# Black itchy crust around nose and eyes



## Debiepi (Jan 28, 2016)

Hello All. 2 year old Henry developed an black itchy crust that quickly spread around his nose and up his snout. It is in both eyebrows as well. Went to the vet who stated she doesn’t know what it is. Put him on antibiotics and prednisone. He has now rubbed raw both sides of his nose. 
Has anyone seen this before? 
Thanks
Debra


----------



## Sheri (Oct 11, 2008)

I'm glad you took him to the vet! But sorry the vet doesn't know what it is and that his treatment isn't working. Poor Henry! I'd try another vet! 

Let us know how he does.


----------



## Tux's Mom (May 24, 2016)

I would search for a vet with dermatological expertise if possible. Even if you had to take photos and email across the country it would be worth getting to the bottom of the mystery sooner than later.


----------



## krandall (Jun 11, 2009)

I agree. A board certified dermatologist is in order. I don't want to worry you unnecessarily, but there is a skin infection in dogs called MRSP, which is related to MERSA in people, though not as bad. But it is often seen on dogs' faces, and does require antibiotics to treat. But it needs to be the RIGHT kind of antibiotics, because, like MERSA in humans, it is Meticillin resistant which also means it is resistant to other, commonly used ABX.

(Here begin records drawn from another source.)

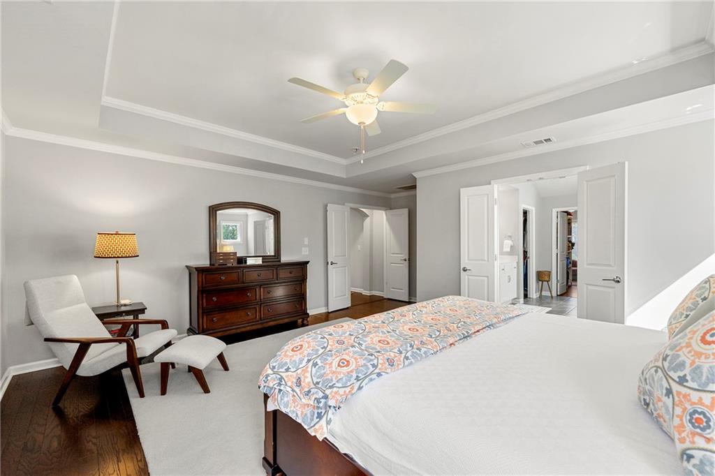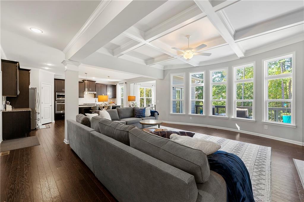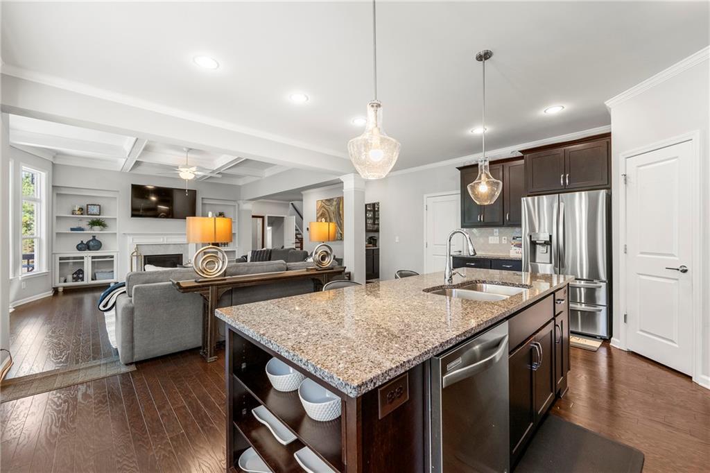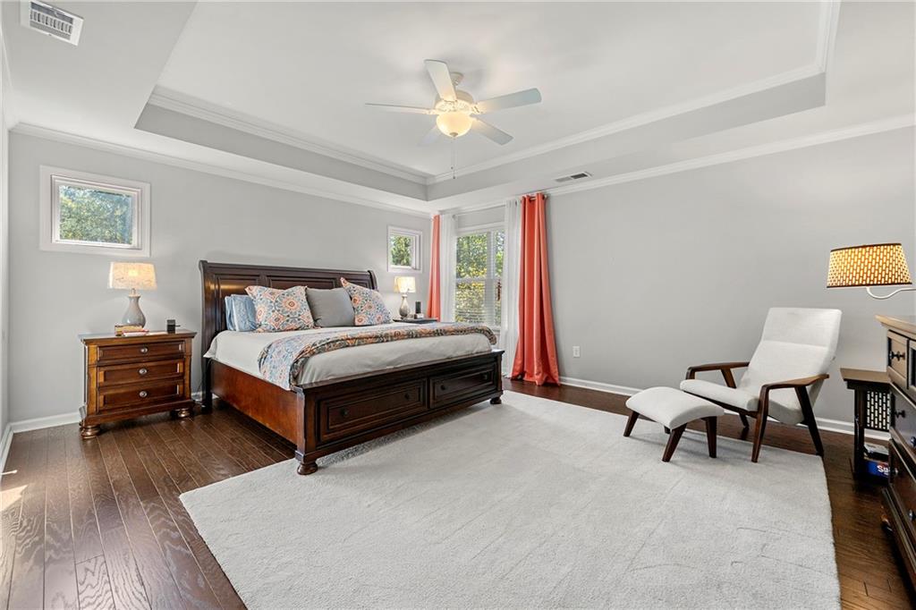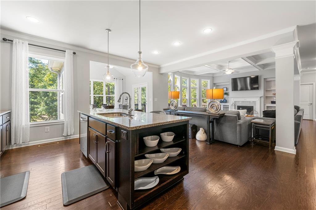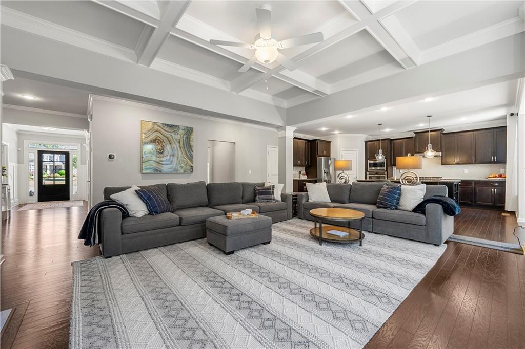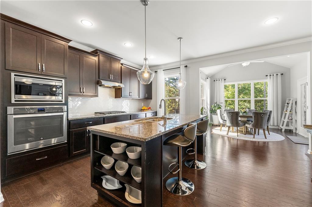 EXTRAORDINARY TRIPLE-LEVEL BRICK PALACE… Boasting nearly $250,000 in custom upgrades, this stunning pet-free immaculate luxury home is in one of the highest-rated school districts of renown Gwinnett County. Minutes to the Mall of GA, this like-new home is nestled in heart of very quite cul-de-sac. Level driveway leads to large, front covered porch… Enter home with formal office, formal dining room, and extra-large Grand room with “bowed” palladium windows- allowing a bright interior home. This entertaining open concept floor plan has a unique “Keeping Room” off the kitchen, providing a secondary entertainment area- can also be a sun room- yes, this home features a one-of-a-kind custom floorpan that sets it apart from the others! Full guest suite on main. Heavy trim package… Gourmet chef’s kitchen with every luxury! Upper level features 4BRs/ 3 full BAs/ and an awesome 5th “step up” media room or 2nd office! Unique laundry room has private “pass thru” to elegant owner’s bedroom suite. Almost no carpet- first & second floors hardwood, engineered wood- with basement level quality LVP. Terrace level is built out NICE!!! Features: Full guest suite with nicely appointed bath; game room or billiard room; bar or 2nd kitchen; theatre/ media room; and double-sized storage centers. Exit basement to super-sized screened in patio- overlooking BIG BIG sodded soccer-sized and level fenced yard- perfect for pool or play or gardening- and with amazing privacy… Some add’l notable features: (2) hot water heaters of 100 gal total; basement refrigerator remains- as well as the theatre seating. Being custom built in 2017 this home is only 9 yrs young and meticulously cared. Even comes EV-prewired at the garage! Community is very new, built out- and also has a wonderful family sports center. This gem has the WHOLE PKG folks… A sure-to-please winner on your list!
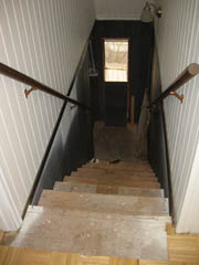Pictured is the existing stairwell with landing taken from the top and bottom. The current treds are two 2x6, risers are pressed board. The task to be completed is as follows:
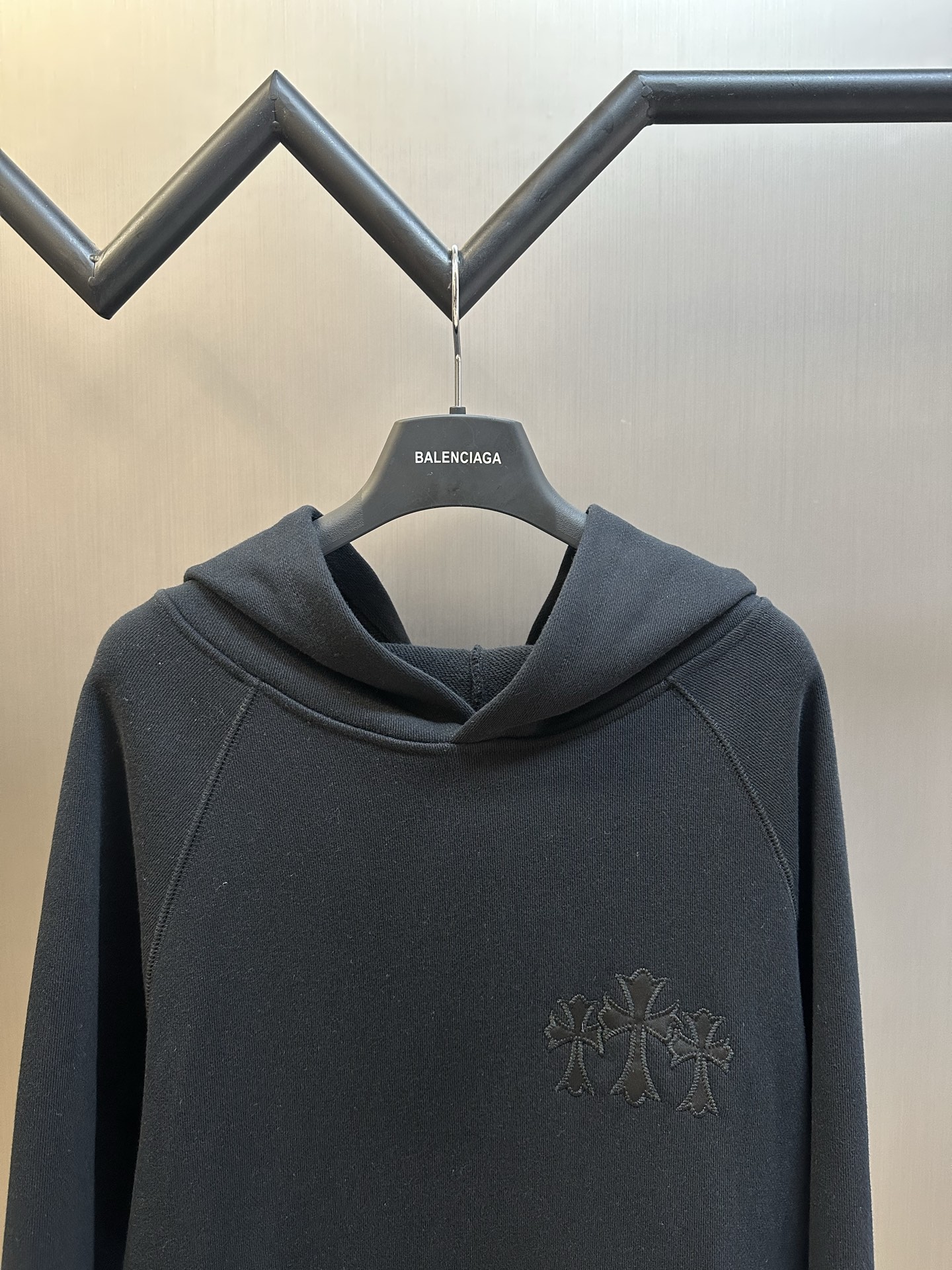 这款衣服是AAAAA 1:1 质量 (非常棒). 使用了和原版一模一样的材料. 商标部分也保持了和克罗心/Chrome Hearts一样. 图片拍摄是实物衣服拍摄, 您所收到的实物保证和我们图片一模一样.
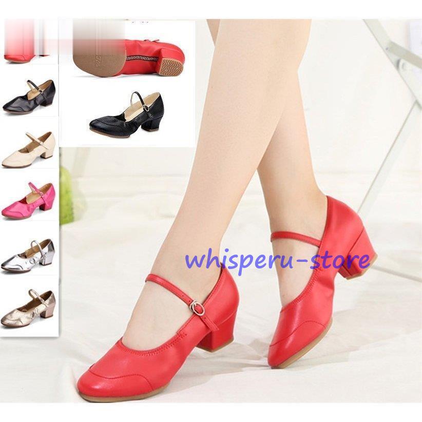 ダンスシューズ レディース 靴 ダンス 踊る シューズ 軽量 フェイクレザー 太ヒール ジャズダンス 社交ダンス 体操 練習用 発表会 舞台 モダン 演奏会22-26cm
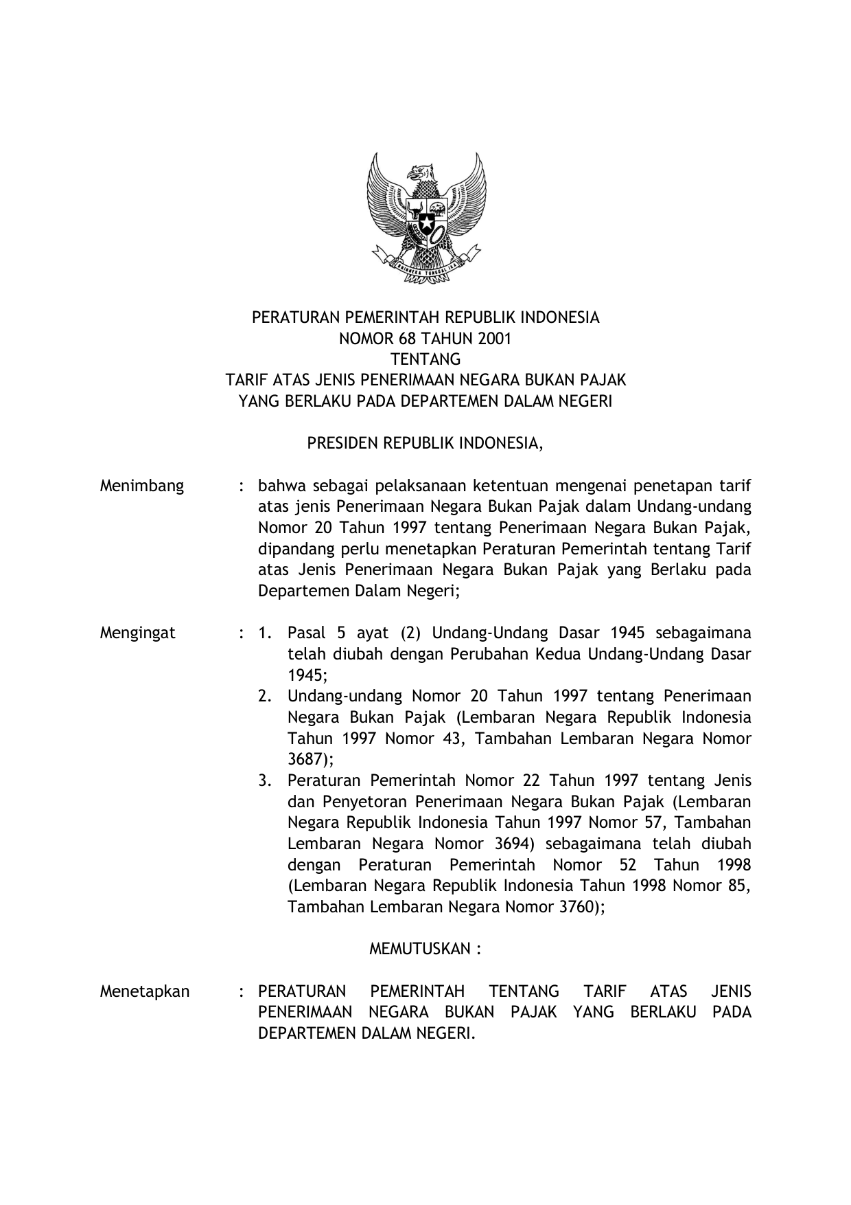 PP Nomor 68 Tahun 2001 | Peraturan Pemerintah Nomor 68 Tahun 2001 tentang TARIF ATAS JENIS PENERIMAAN NEGARA BUKAN PAJAK YANG BERLAKU PADA DEPARTEMEN DALAM NEGERI
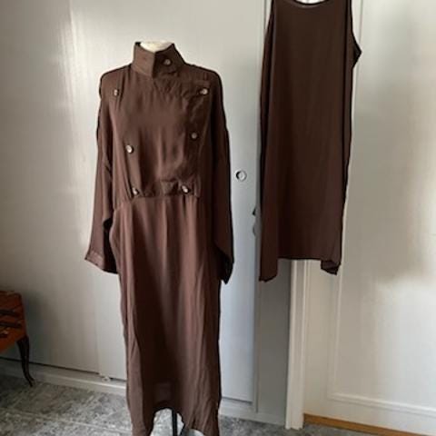 Lite brukt litt stort for meg. Lommer begge siden, veldig behagelig stoff. Målene: skulder: 42 cm. Under armene 57cm lengde 85cm. Lett stoff.
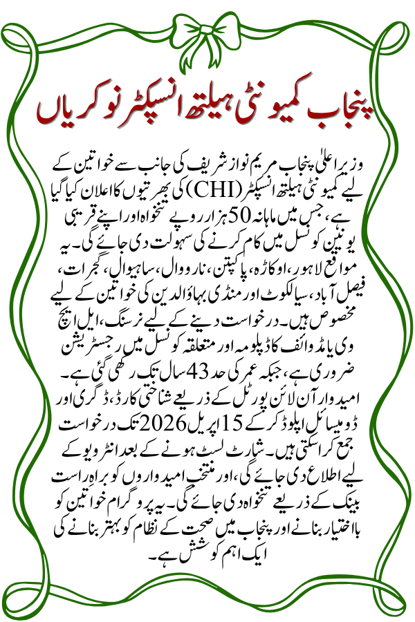 Position NameMaryam Nawaz Community Health Inspector (CHI) Jobs
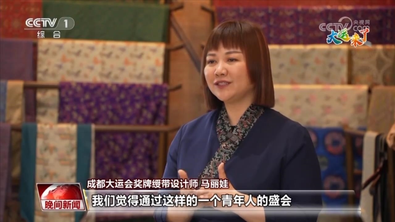 成都大運會獎牌綬帶設(shè)計師 馬麗娃:這個體育賽事其實是一個橋梁,通過這樣一個青年人的盛會,把我們這樣一個優(yōu)秀傳統(tǒng)文化,用一個肉眼可見的形式把它傳遞出去,我覺得這是非常棒的一個形式。
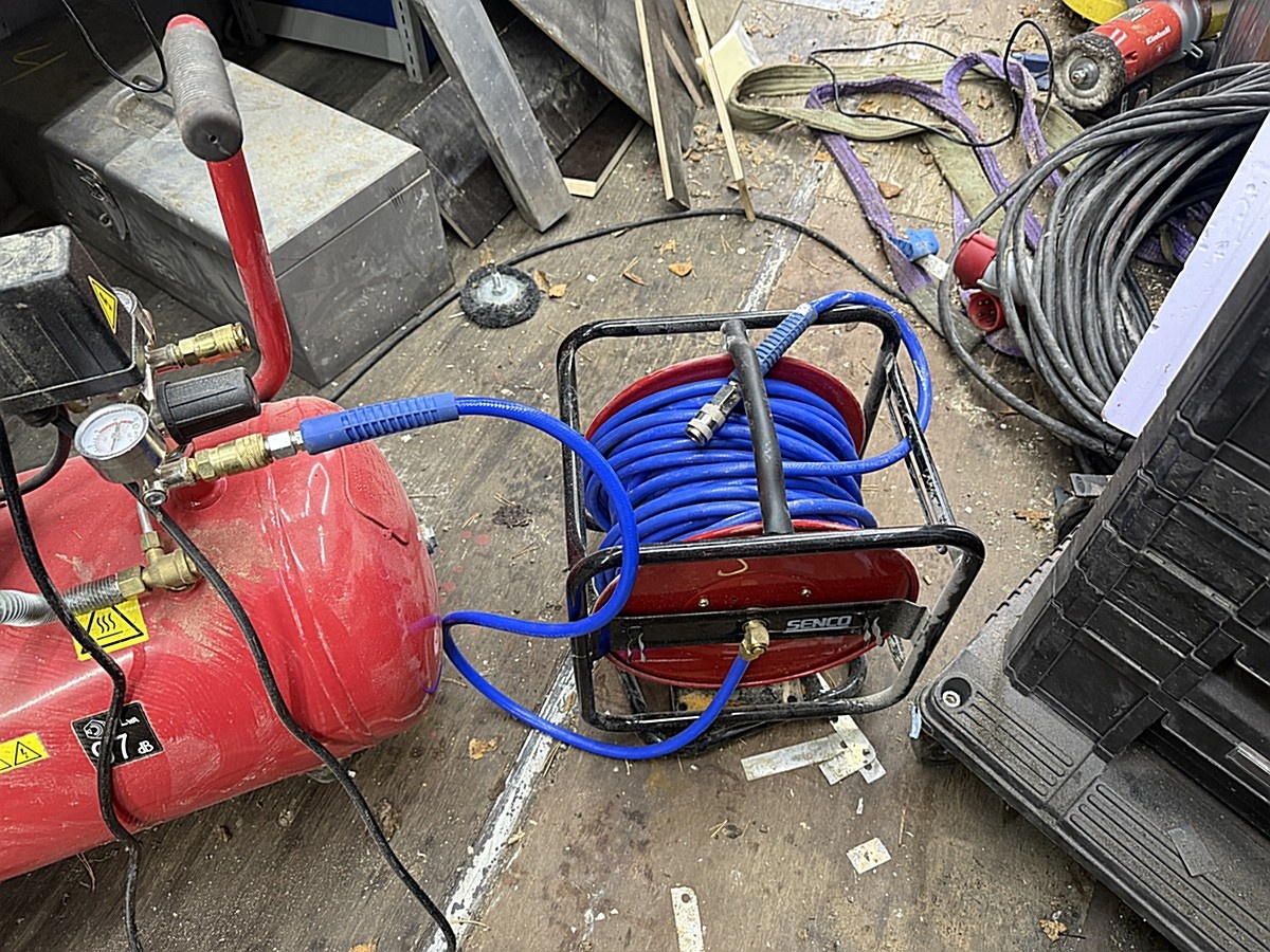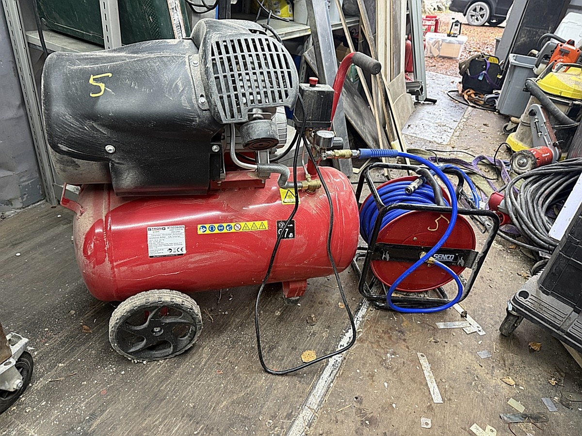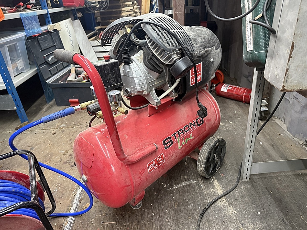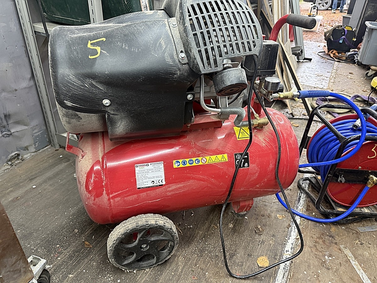 Myyntikohteet » UP Rakennus Tmi:n konkurssipesä (3155713-5), KÄMMENNIEMI, 05.11.2025 » 5. Kompressori STRONGLINE 50L ja Paineilmaletku kela SENCO

Two separate dogs who train in our area have been DX'd with this in recent months. One was very sick, and required hospitalization before they figured out what it was. The other dog was just chronically sore, scabby, and itch on his face and feet for MONTHS, and treated ineffectively for months before a board certified dermatologist figured it out and got him on the right ABX. He will have to have extended ABX treatment, but he, too, is now on the road to recovery.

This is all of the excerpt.